━━━ Data excerpts ━━━
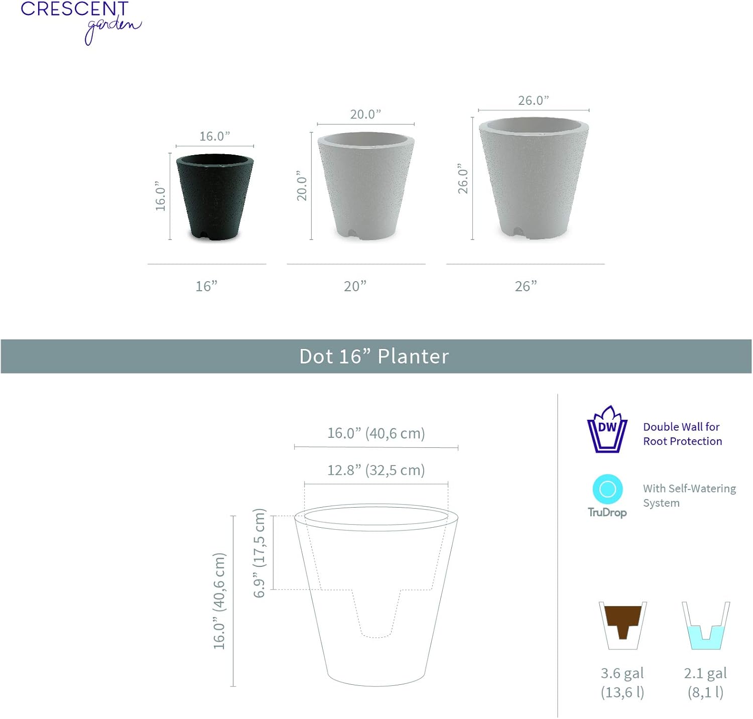 • DOUBLE WALL: This indoor planter’s double wall makes it shock-resistant and protects the plant’s roots from extreme temperatures. Measurements: Soil capacity: 3.6 gal.; water capacity: 2.1 gal.; base diameter: 9.8"; inner dimensions: 12.8" W x 6.9" H.
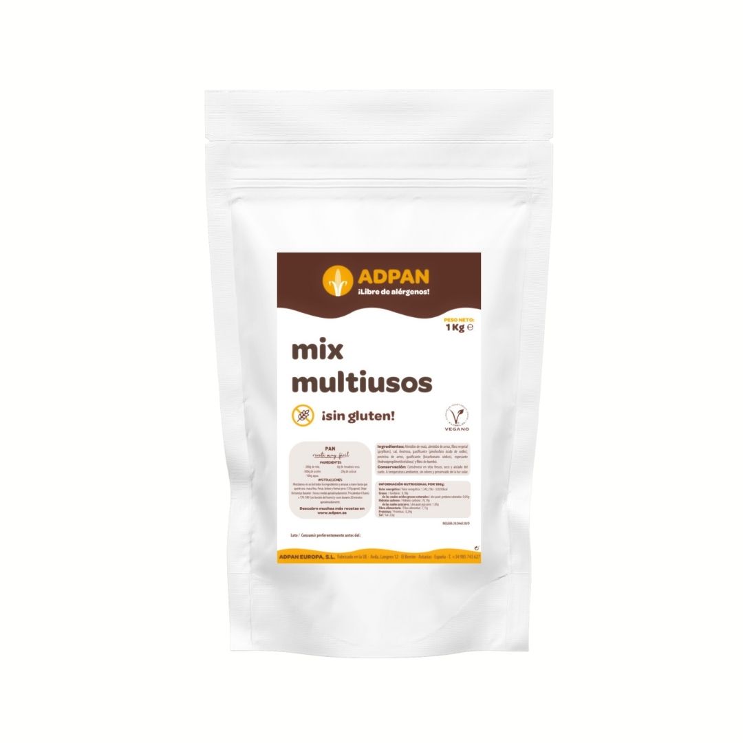 Además, el Mix multiusos sin gluten de Adpan es perfecto para personas con intolerancias alimentarias. Por ejemplo, es completamente libre de gluten, leche, huevo, soja y frutos secos. De hecho, su fórmula especial garantiza una textura y sabor excepcionales en cada receta, desde panes esponjosos hasta postres irresistibles. Por lo tanto, te invitamos a explorar nuestras recetas Adpan y descubrir la amplia variedad de platos que puedes preparar con nuestro mix multiusos.
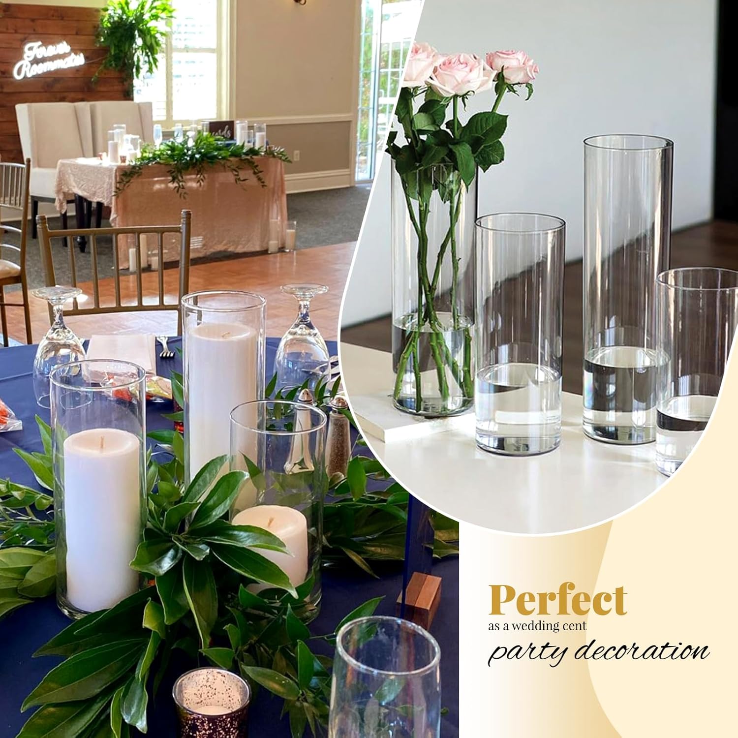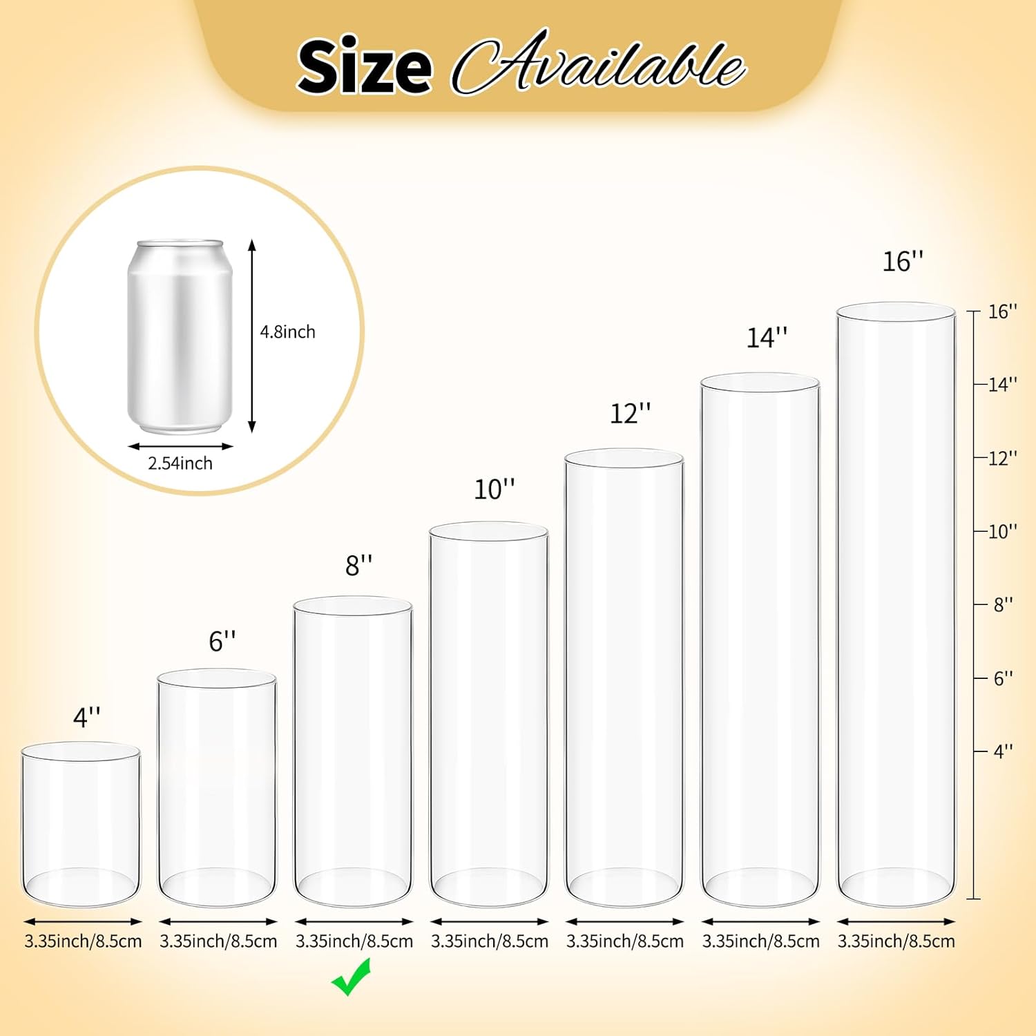 • ✅ Classic Cylinder Vase: This vase set contains 12 pack clear cylinder vases, the height is about 8 inch and the diameter is about 3.35 inch. Our glass vases are available in sizes from 3.35*4" to 3.35*16", ideal for various flower vases, vases for centerpieces, and candle holders. Its versatile uses makes it perfect for creating elegant centerpiece table decorations.
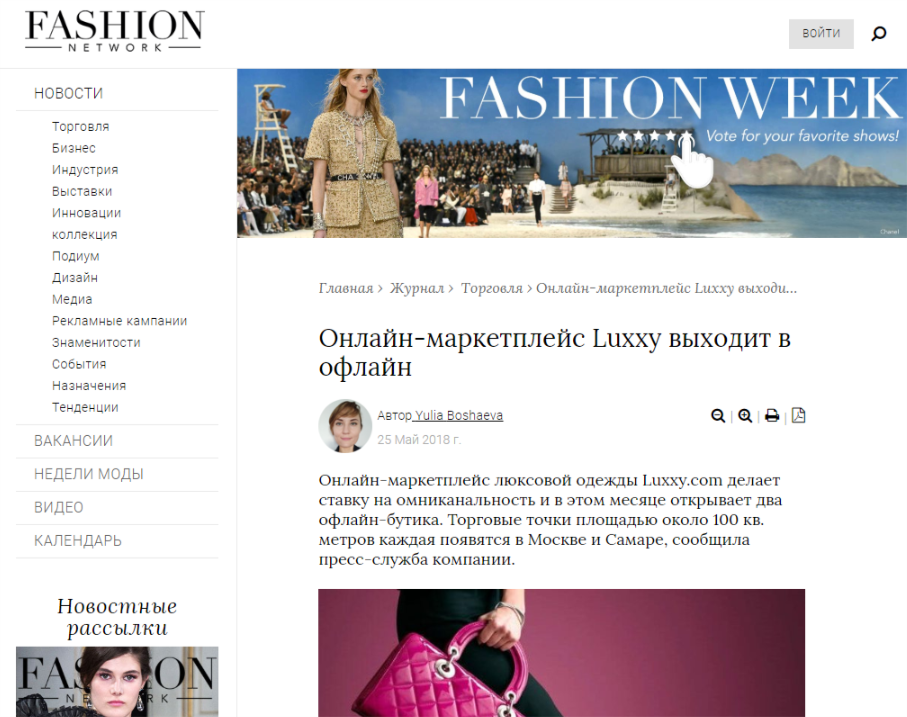 Первый и крупнейший в России маркетплейс люксовой одежды Luxxy вышел в офлайн. Компания открыла два офлайн-бутика - в Москве и Самаре. Российский стартап осваивает необычный, но растущий вторичный рынок люксового сегмента. Мы пообщались с представителями компании и узнали подробности этого рынка.
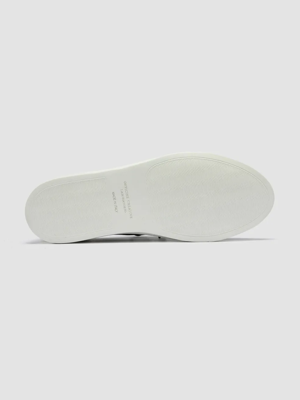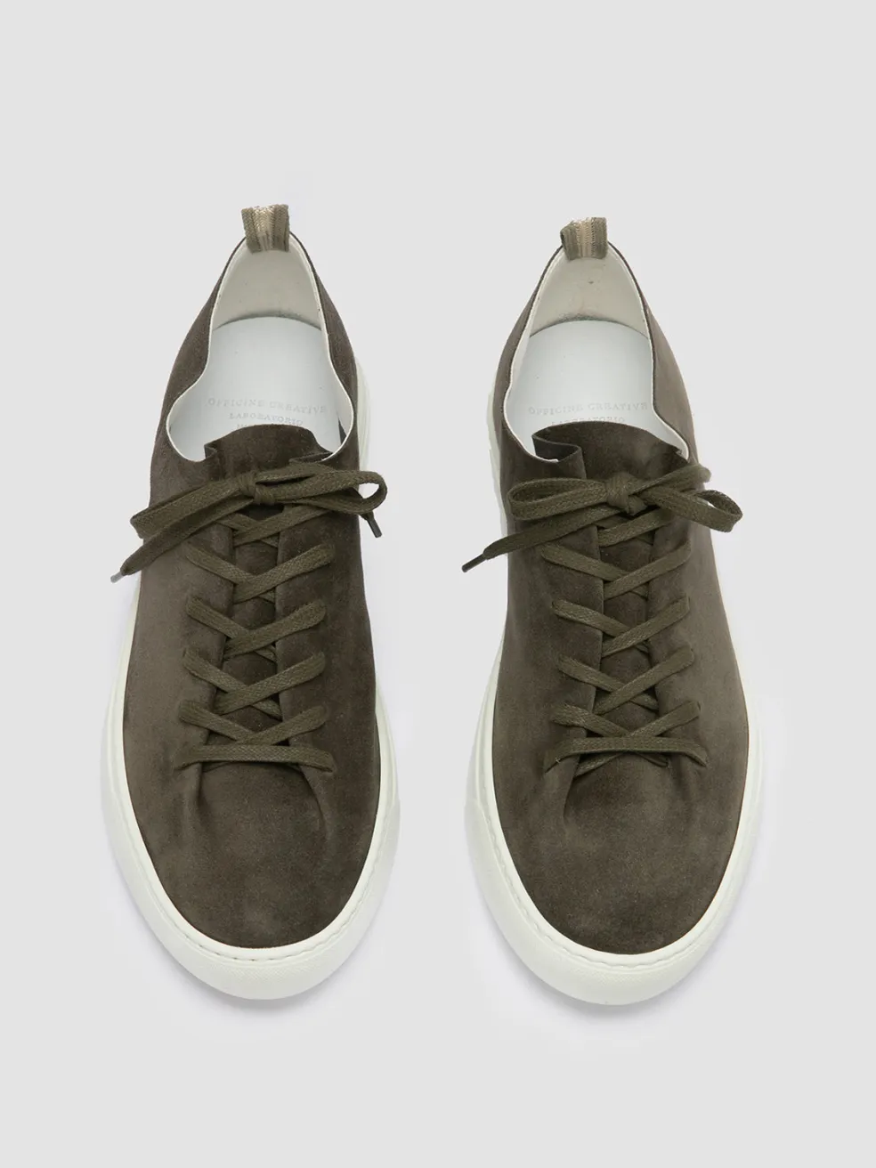 The Leggera 001 defines lightness and elegance in sneaker form. This model with an ultra-minimalist exterior hides a flexible and soft framework handcrafted in Italy from a single piece of seamless, unlined green suede that folds onto itself to form the shoe tongue. An almost weightless experience.
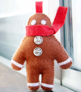 Very cute and simple Gingerbread Man ornament. I think I would use baby rick rack on his arms legs and make his eyes black or blue felt. You could buttons instead of snaps too. I also would make the scarf smaller and give him a smile and maybe a dot for a nose. Easy pattern that could spark your own creativity and very easy to modify.
━━━
**What to work on:**
Write out all the material above exactly, with no image carried over.

**Task solution:**
 • DOUBLE WALL: This indoor planter’s double wall makes it shock-resistant and protects the plant’s roots from extreme temperatures. Measurements: Soil capacity: 3.6 gal.; water capacity: 2.1 gal.; base diameter: 9.8"; inner dimensions: 12.8" W x 6.9" H.
 Además, el Mix multiusos sin gluten de Adpan es perfecto para personas con intolerancias alimentarias. Por ejemplo, es completamente libre de gluten, leche, huevo, soja y frutos secos. De hecho, su fórmula especial garantiza una textura y sabor excepcionales en cada receta, desde panes esponjosos hasta postres irresistibles. Por lo tanto, te invitamos a explorar nuestras recetas Adpan y descubrir la amplia variedad de platos que puedes preparar con nuestro mix multiusos.
 • ✅ Classic Cylinder Vase: This vase set contains 12 pack clear cylinder vases, the height is about 8 inch and the diameter is about 3.35 inch. Our glass vases are available in sizes from 3.35*4" to 3.35*16", ideal for various flower vases, vases for centerpieces, and candle holders. Its versatile uses makes it perfect for creating elegant centerpiece table decorations.
 Первый и крупнейший в России маркетплейс люксовой одежды Luxxy вышел в офлайн. Компания открыла два офлайн-бутика - в Москве и Самаре. Российский стартап осваивает необычный, но растущий вторичный рынок люксового сегмента. Мы пообщались с представителями компании и узнали подробности этого рынка.
 The Leggera 001 defines lightness and elegance in sneaker form. This model with an ultra-minimalist exterior hides a flexible and soft framework handcrafted in Italy from a single piece of seamless, unlined green suede that folds onto itself to form the shoe tongue. An almost weightless experience.
 Very cute and simple Gingerbread Man ornament. I think I would use baby rick rack on his arms legs and make his eyes black or blue felt. You could buttons instead of snaps too. I also would make the scarf smaller and give him a smile and maybe a dot for a nose. Easy pattern that could spark your own creativity and very easy to modify.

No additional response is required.